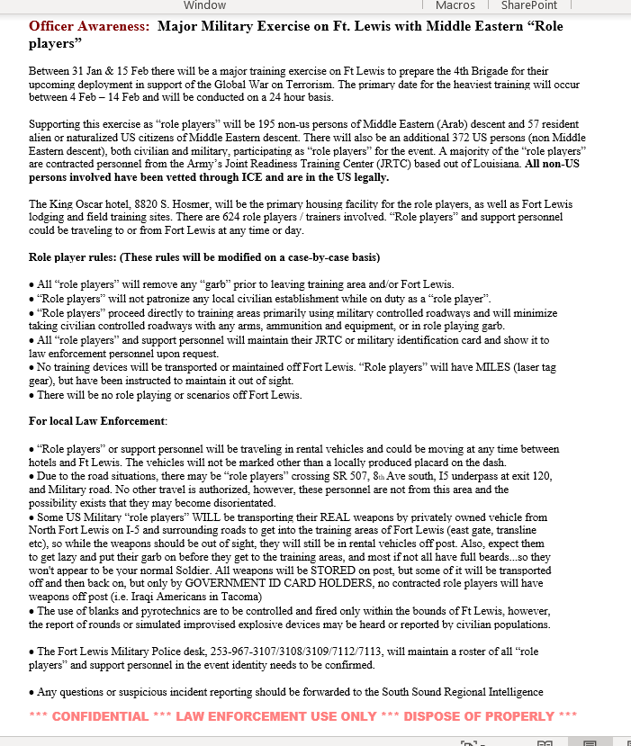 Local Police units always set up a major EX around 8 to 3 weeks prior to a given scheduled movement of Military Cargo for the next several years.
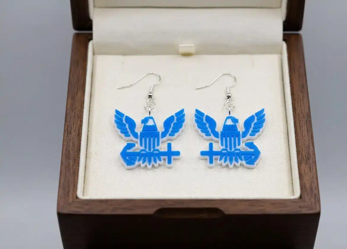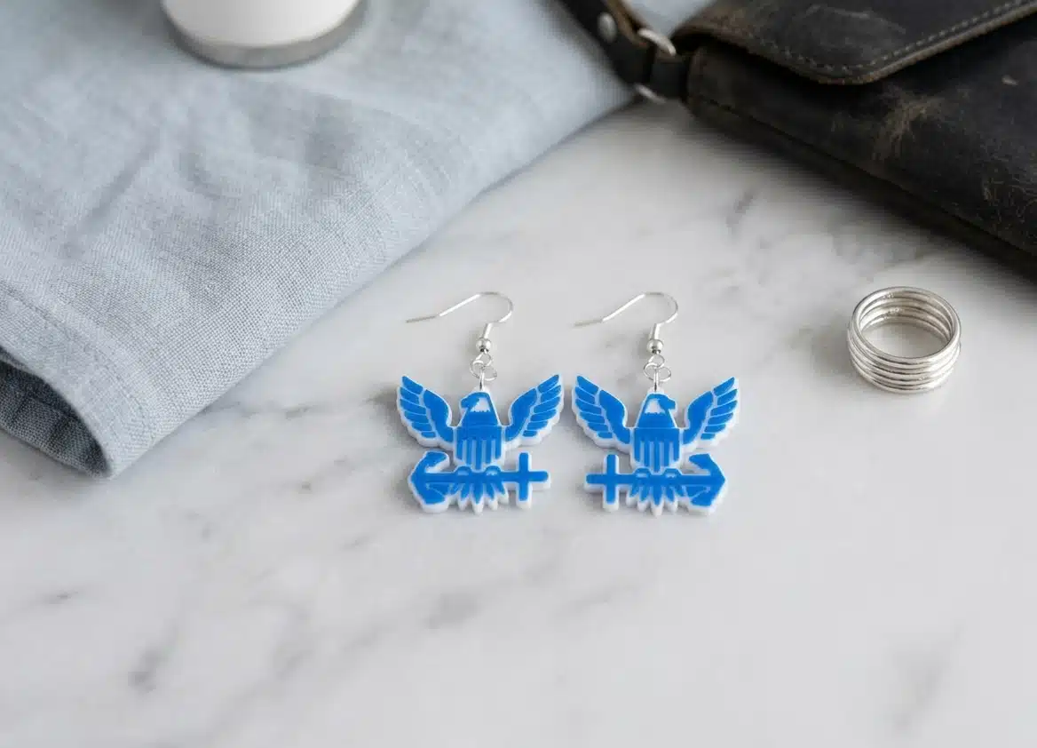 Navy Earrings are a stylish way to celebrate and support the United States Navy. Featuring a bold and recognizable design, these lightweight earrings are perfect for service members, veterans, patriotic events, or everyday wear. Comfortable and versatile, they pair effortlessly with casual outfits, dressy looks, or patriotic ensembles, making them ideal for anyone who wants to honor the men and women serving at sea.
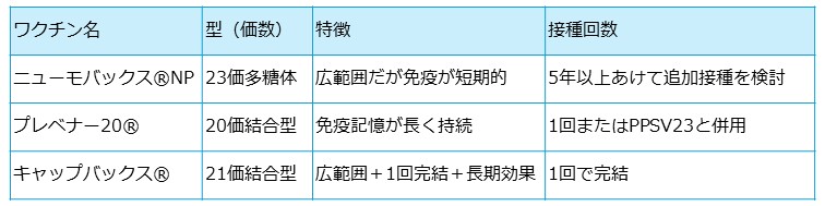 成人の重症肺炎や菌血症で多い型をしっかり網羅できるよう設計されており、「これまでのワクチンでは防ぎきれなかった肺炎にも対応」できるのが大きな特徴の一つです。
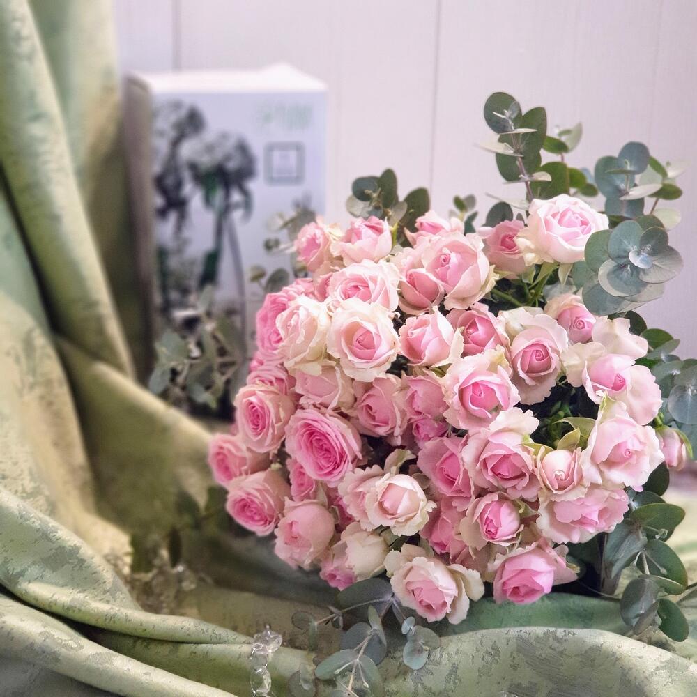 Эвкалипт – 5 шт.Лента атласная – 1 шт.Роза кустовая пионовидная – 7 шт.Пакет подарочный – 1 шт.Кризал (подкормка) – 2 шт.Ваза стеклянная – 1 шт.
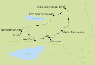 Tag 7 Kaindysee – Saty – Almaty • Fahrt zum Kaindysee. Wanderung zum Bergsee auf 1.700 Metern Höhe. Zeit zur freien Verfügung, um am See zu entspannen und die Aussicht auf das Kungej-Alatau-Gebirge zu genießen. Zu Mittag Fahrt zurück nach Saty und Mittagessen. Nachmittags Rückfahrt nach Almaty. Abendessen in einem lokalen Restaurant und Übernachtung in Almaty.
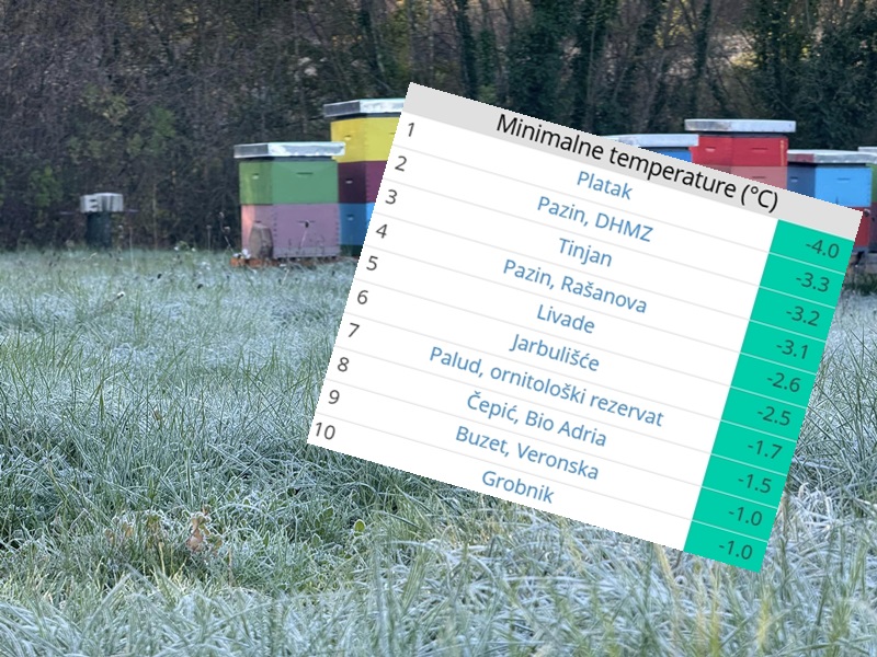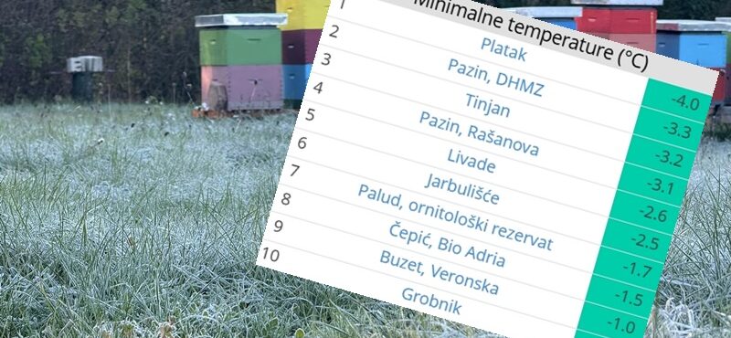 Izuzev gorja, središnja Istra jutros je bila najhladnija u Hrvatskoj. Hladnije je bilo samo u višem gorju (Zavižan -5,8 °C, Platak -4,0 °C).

--

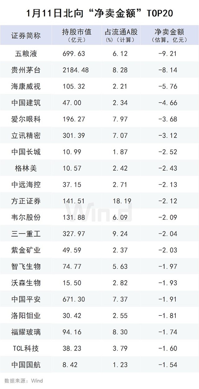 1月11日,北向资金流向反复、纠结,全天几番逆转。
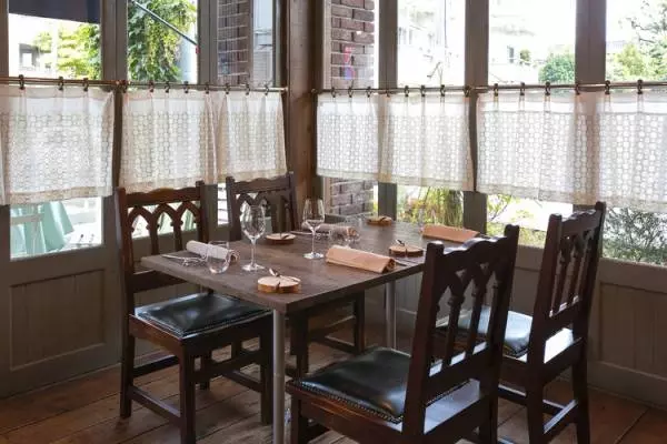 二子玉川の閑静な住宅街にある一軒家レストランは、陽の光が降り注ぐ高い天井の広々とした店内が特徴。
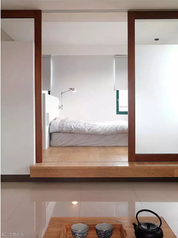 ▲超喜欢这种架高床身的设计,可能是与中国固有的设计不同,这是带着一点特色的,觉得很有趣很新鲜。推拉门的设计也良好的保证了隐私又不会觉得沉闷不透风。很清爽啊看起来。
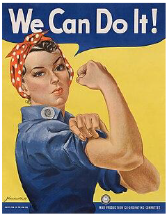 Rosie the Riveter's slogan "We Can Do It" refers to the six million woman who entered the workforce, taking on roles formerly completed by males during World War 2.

TASK.
Repeat, without pictures, exactly the lines of the data above from the one containing "Local Police units" through the one containing "Эвкалипт – 5", including both and adding nothing.

SOLUTION.
 Local Police units always set up a major EX around 8 to 3 weeks prior to a given scheduled movement of Military Cargo for the next several years.
 Navy Earrings are a stylish way to celebrate and support the United States Navy. Featuring a bold and recognizable design, these lightweight earrings are perfect for service members, veterans, patriotic events, or everyday wear. Comfortable and versatile, they pair effortlessly with casual outfits, dressy looks, or patriotic ensembles, making them ideal for anyone who wants to honor the men and women serving at sea.
 成人の重症肺炎や菌血症で多い型をしっかり網羅できるよう設計されており、「これまでのワクチンでは防ぎきれなかった肺炎にも対応」できるのが大きな特徴の一つです。
 Эвкалипт – 5 шт.Лента атласная – 1 шт.Роза кустовая пионовидная – 7 шт.Пакет подарочный – 1 шт.Кризал (подкормка) – 2 шт.Ваза стеклянная – 1 шт.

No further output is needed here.